__WORK TASK__.
Leaving out pictures, output exactly the lines below from the one that has "Super soft wool" through the one that has "1909年中西字新約全書 約翰福音 9 章 38 節到 10 章 9 節", and nothing else.

__INFORMATION GIVEN__.
_ _ _ _

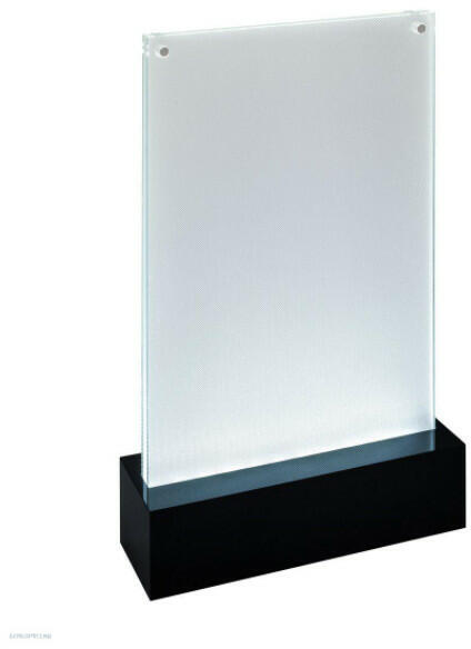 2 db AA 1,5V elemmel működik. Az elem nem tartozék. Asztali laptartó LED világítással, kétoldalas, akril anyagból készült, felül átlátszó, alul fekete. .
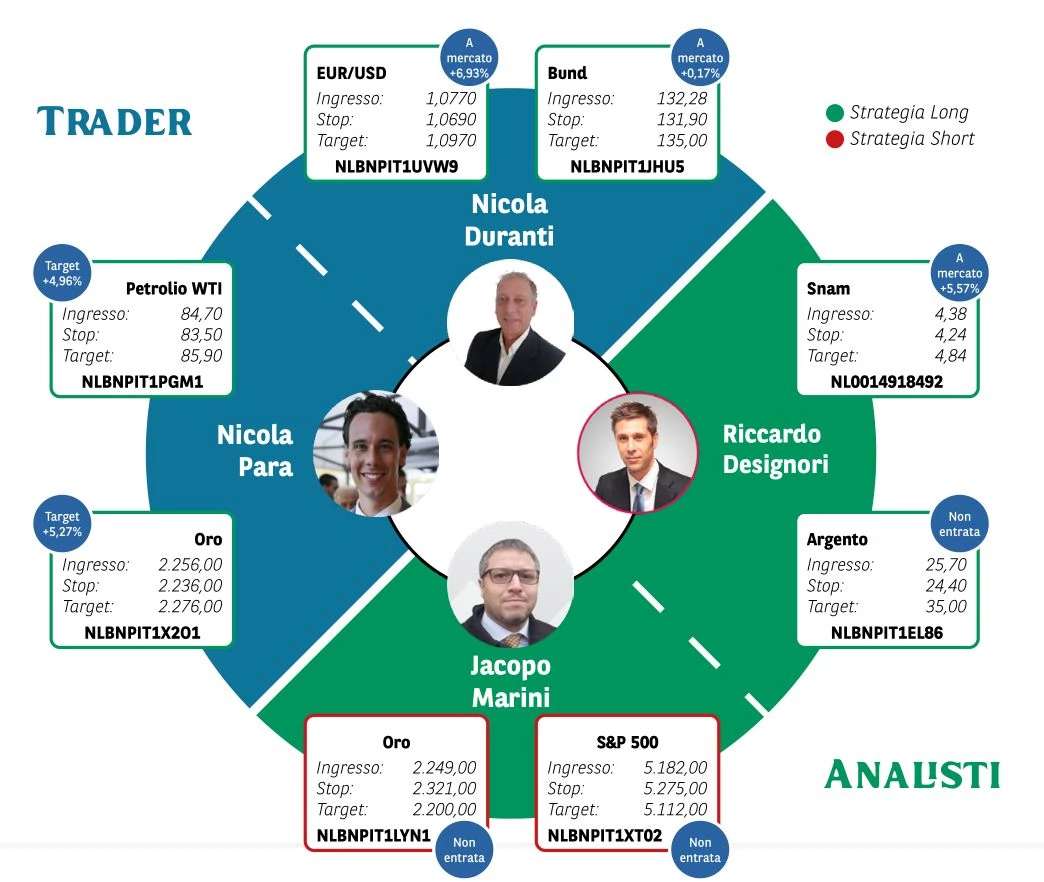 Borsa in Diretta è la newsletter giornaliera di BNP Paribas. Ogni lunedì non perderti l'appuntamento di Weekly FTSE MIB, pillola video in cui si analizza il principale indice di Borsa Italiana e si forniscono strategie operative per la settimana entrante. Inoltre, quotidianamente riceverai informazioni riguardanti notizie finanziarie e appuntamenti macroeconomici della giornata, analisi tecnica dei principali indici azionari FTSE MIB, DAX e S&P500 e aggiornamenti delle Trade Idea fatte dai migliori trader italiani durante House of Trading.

_ _ _ _

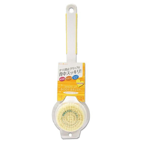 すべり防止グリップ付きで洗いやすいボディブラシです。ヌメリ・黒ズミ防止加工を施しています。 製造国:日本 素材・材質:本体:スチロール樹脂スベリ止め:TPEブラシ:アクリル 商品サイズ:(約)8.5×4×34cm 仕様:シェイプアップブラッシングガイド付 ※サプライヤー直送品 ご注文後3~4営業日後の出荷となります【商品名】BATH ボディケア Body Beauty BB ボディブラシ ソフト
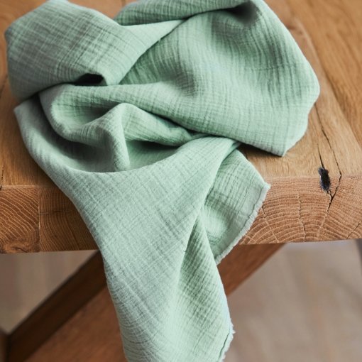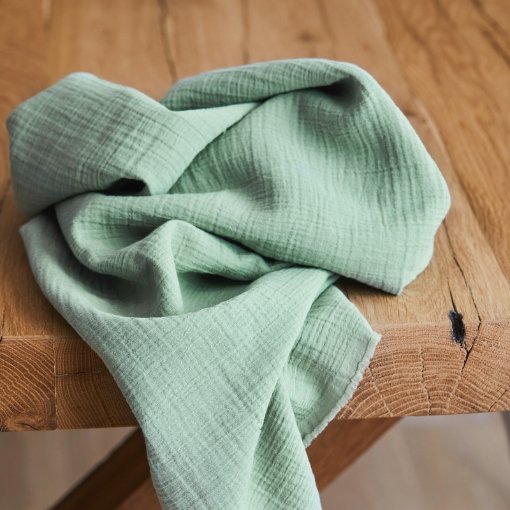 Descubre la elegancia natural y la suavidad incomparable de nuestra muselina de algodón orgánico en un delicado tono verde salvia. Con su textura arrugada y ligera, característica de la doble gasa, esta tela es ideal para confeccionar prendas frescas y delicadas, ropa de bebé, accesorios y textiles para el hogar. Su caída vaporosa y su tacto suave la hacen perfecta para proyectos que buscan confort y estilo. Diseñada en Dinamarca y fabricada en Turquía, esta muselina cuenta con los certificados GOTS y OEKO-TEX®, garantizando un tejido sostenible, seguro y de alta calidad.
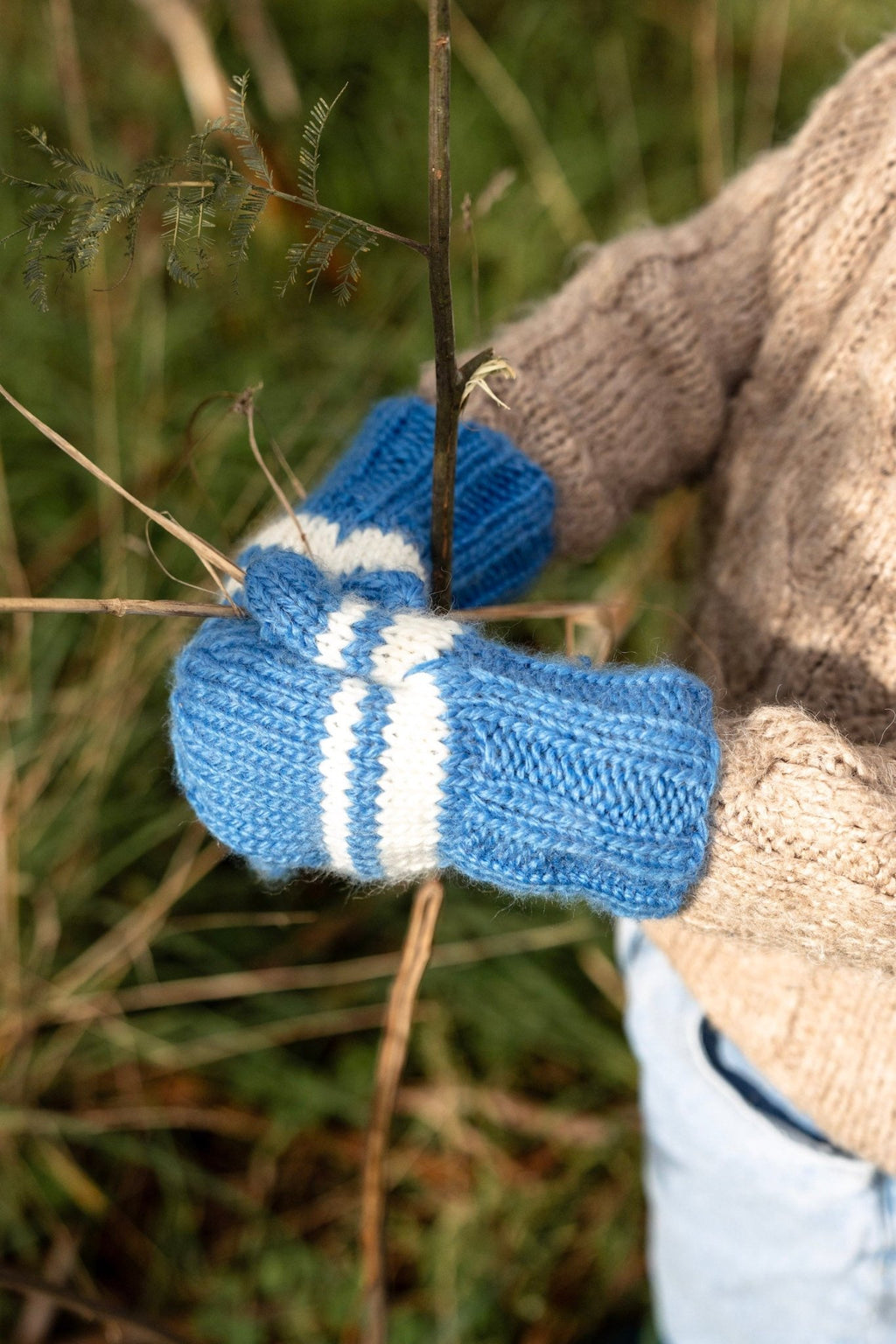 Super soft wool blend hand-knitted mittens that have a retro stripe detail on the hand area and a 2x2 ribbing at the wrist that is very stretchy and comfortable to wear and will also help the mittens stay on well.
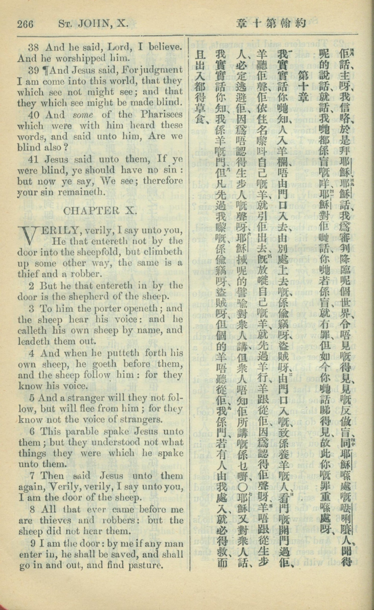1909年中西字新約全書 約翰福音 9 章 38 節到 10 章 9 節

_ _ _ _

__OUTPUT FOR THIS TASK__.
 Super soft wool blend hand-knitted mittens that have a retro stripe detail on the hand area and a 2x2 ribbing at the wrist that is very stretchy and comfortable to wear and will also help the mittens stay on well.
1909年中西字新約全書 約翰福音 9 章 38 節到 10 章 9 節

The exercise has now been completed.